Des ressortissants américains ont été expulsés du Mexique pour avoir apporté au Chiapas de l'aide humanitaire, ou participé à la construction d'écoles. En 12 mois (selon La Jornada du 1er août 98), il y a eu 9 tournées de militaires américains au Chiapas, et au cours des premiers mois de cette année, il y a eu au moins deux fois plus de visites dans cet état que pour tout 1997. 

  

Le gouvernement américain ne voudrait surtout pas qu'une crise de grande envergure se développe dans ce qu'il considère comme son arrière-cour. La crise asiatique perdure, une crise est imminente en Russie, les caisses des organismes financiers internationaux sont vides, et un nouveau sursaut de l'économie mexicaine serait très difficile à gérer. Surtout que, comme on l'a vu lors de l'offensive militaro-policière de El Bosque, les marchés mexicains commencent à considérer le conflit au Chiapas avec inquiétude. 

  

De plus, il y a dans la culture politique américaine une longue tradition de pression des électeurs sur les parlementaires. Et l'action des réseaux de solidarité sur les représentants et sénateurs, ajoutée aux rapports publiés par des organismes reconnus à Washington comme Human Rights Watch ou Wolla sur le conflit et la situation des droits humains, commencent à mettre le Chiapas à l'ordre du jour du Congrès américain ; au moins dans la mesure où ses membres veulent savoir ce qui s'y passe. 

  

Le mouvement de solidarité avec le Chiapas, selon l'enquête de Lynn Stephen, s'articule autour de 4 grands réseaux nationaux, plusieurs projets régionaux et une cinquantaine de groupes locaux.

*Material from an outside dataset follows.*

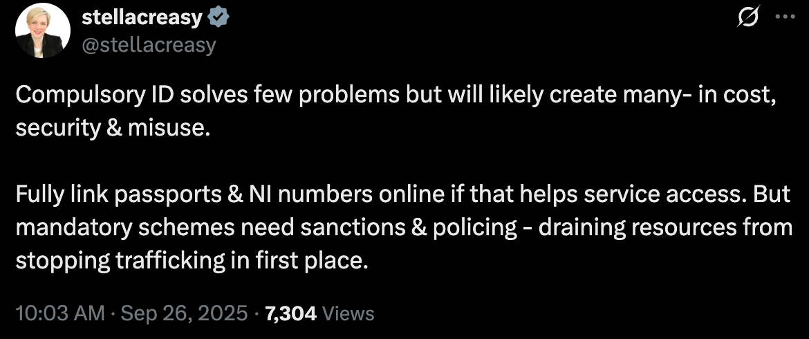 Digital ID cards appeared nowhere in Labour’s 2024 election manifesto, raising questions about democratic mandate. The Institute for Government notes that “Keir Starmer confirmed in a BBC interview in early September that this was back under consideration” - suggesting even recent policy development lacked structured consultation.

Le 7 mai dernier, ils ont lancé le Réseau de Solidarité avec le Mexique. Les quatre principaux groupes sont : la Commission Nationale pour la Démocratie au Mexique (CNDM), à Los Angeles et El Paso ; le Service National pour la Paix (SIPAZ), basé à Santa Cruz, en Californie ; Global Exchange, avec des bureaux à San Francisco et San Cristóbal ; et la Fondation Interreligieuse pour l'Organisation de la Communauté - Pasteurs pour la Paix, à New-York et Chicago. On trouve aussi des projets comme celui des Équipes de Construction d'Écoles au Chiapas de Peter Brown - récemment expulsé - ainsi qu'une multitude de groupes locaux composés d'équipes stables comme Tonantzin, de Boston, les Zapatistes de New-York ou l'Alliance Zapatiste de Pittsburgh. Depuis 4 ans, ce sont 2 à 3 mille américains qui ont été au Chiapas pour des raisons liées à la solidarité. 

  

Parmi les éléments qui favorisent ces regroupements et cet activisme, il y a la préoccupation suscitée par l'usage que fait le Mexique de l'aide militaire fournie au pays, l'expérience de travail de solidarité avec l'Amérique Centrale, l'existence préalable de coalitions binationales sur la question du libre commerce, l'impact de la rébellion zapatiste dans les médias et l'utilisation d'Internet. 

Le facteur américain dans le conflit au Chiapas est bien installé. Sa présence se renforcera dans les mois qui viennent.